The zentorch zip package which you can download from the AMD ZenDNN Developer Central page contains a convenient bash script to help you set optimal environment settings for best performance.
Before you run your workload, activate the conda environment where zentorch 5.1 is installed and source the zentorch_env_setup.sh file.
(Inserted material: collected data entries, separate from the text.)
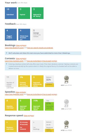 As for the client rejections on the Speedies, one of them was because the client decided that they wanted a female to voice the spot. The other one was cancelled at my request because they requested something that I couldn't deliver even though the Bunny Manager approved my submission which tells me that the manager thought that my work met the original request.
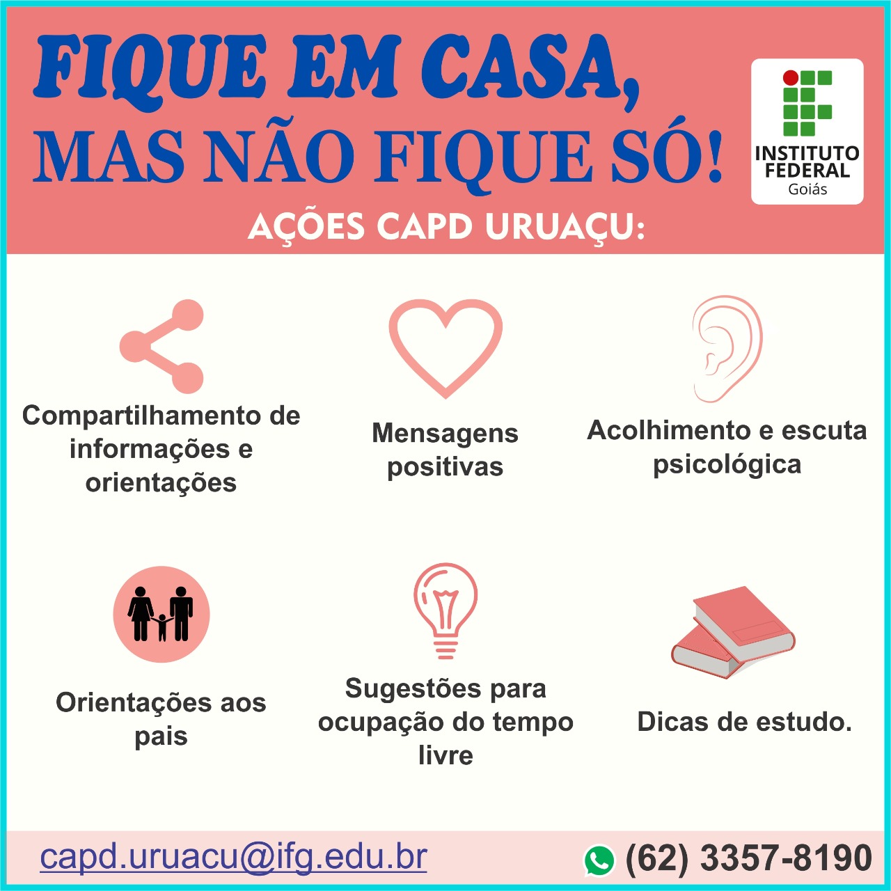 - Envio de mensagens positivas e de saúde mental pelas redes sociais oficiais do IFG Uruaçu.
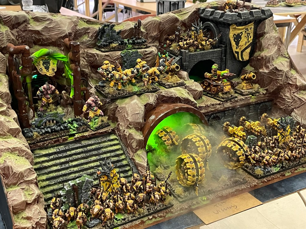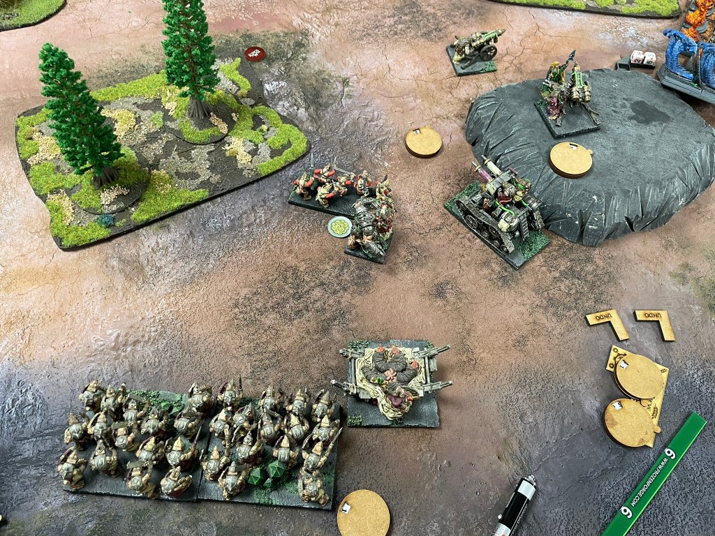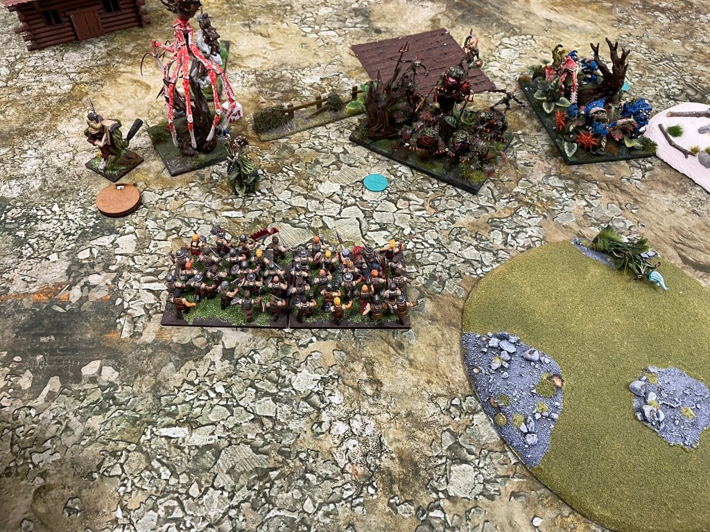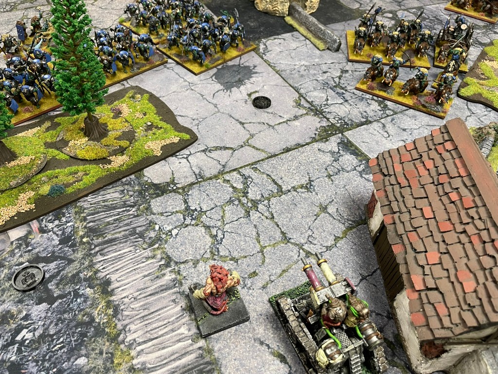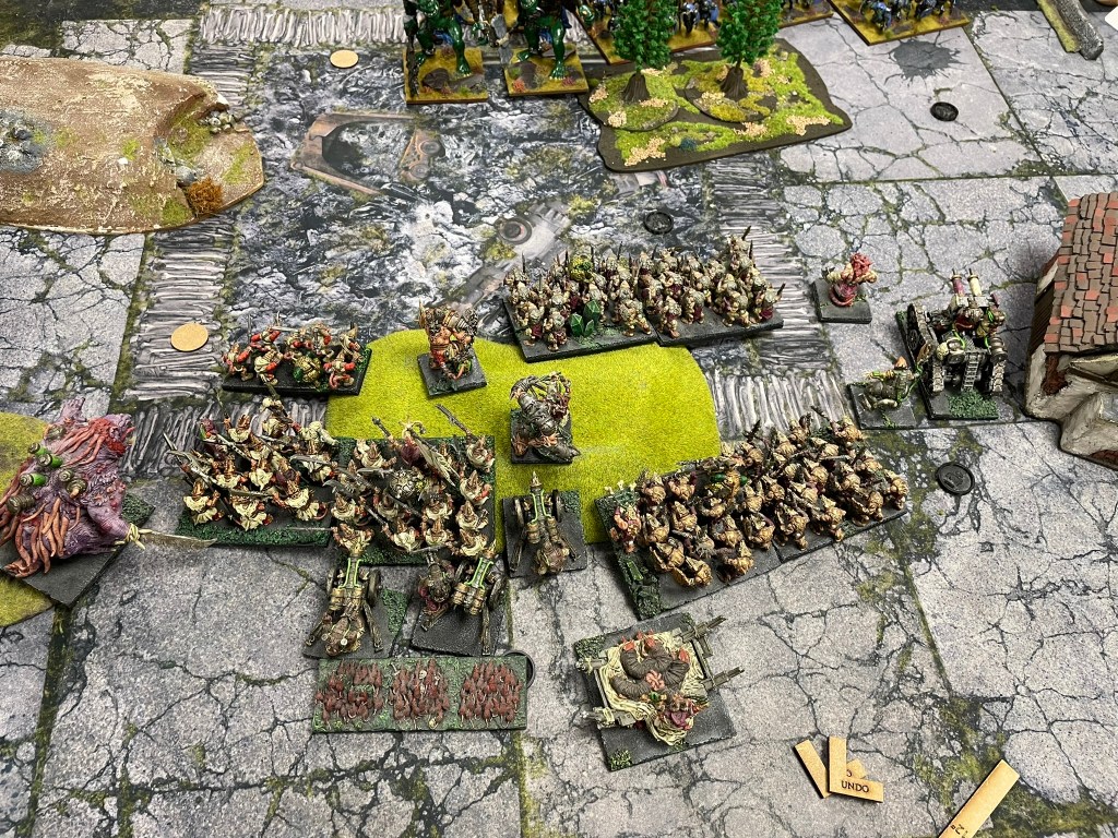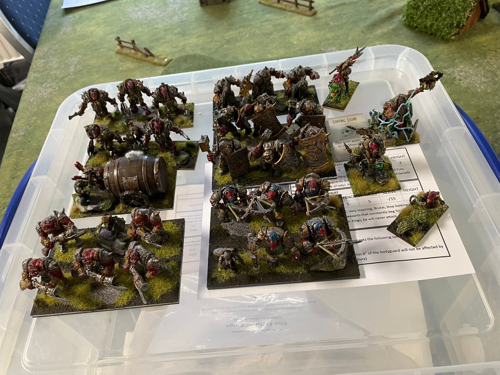 In the limited time I’d spent playing with the monster creator I hadn’t given much thought to the shooting options. I’d kind of assumed they would be limited to a bit of fireball or lightening bolt. Not the case. Chris (and a couple of the higher ranked players at the event) had created living artillery capable of delivery up to around 30 shots, with piercing 2, range 24” and the height of the titans meant they could pretty much shoot at whatever they wanted.
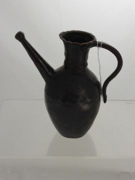 An Antique Bronze Ewer, with incised curved handle and straight spout, possibly 17th Century North Indian, approx 19 cms

source scripts/zentorch_env_setup.sh --help
source scripts/zentorch_env_setup.sh --framework <zentorch|ipex> --model <llm|recsys|cnn|nlp> --threads <num_threads> --precision <amp|bf16|fp32|woq>
You can set the num_threads variable by
checking the output of the following shell command:
lscpu | awk '/^Core\(s\) per socket:/ {print $4}'
For example, if you are running your LLM workload in BF16 format on an AMD 5th Gen EPYC™ Processor (codenamed Turin) with 192 cores, you would source the zentorch_env_setup.sh as follows:
source scripts/zentorch_env_setup.sh --framework zentorch --model llm --threads 192 --precision bf16
The script will make sure that necessary utilities like llvm-openmp as
well as optimal tools for memory allocation (for example jemalloc) are installed and
made available to zentorch.
Consult the Performance Tuning chapter for more details on the various environment variables.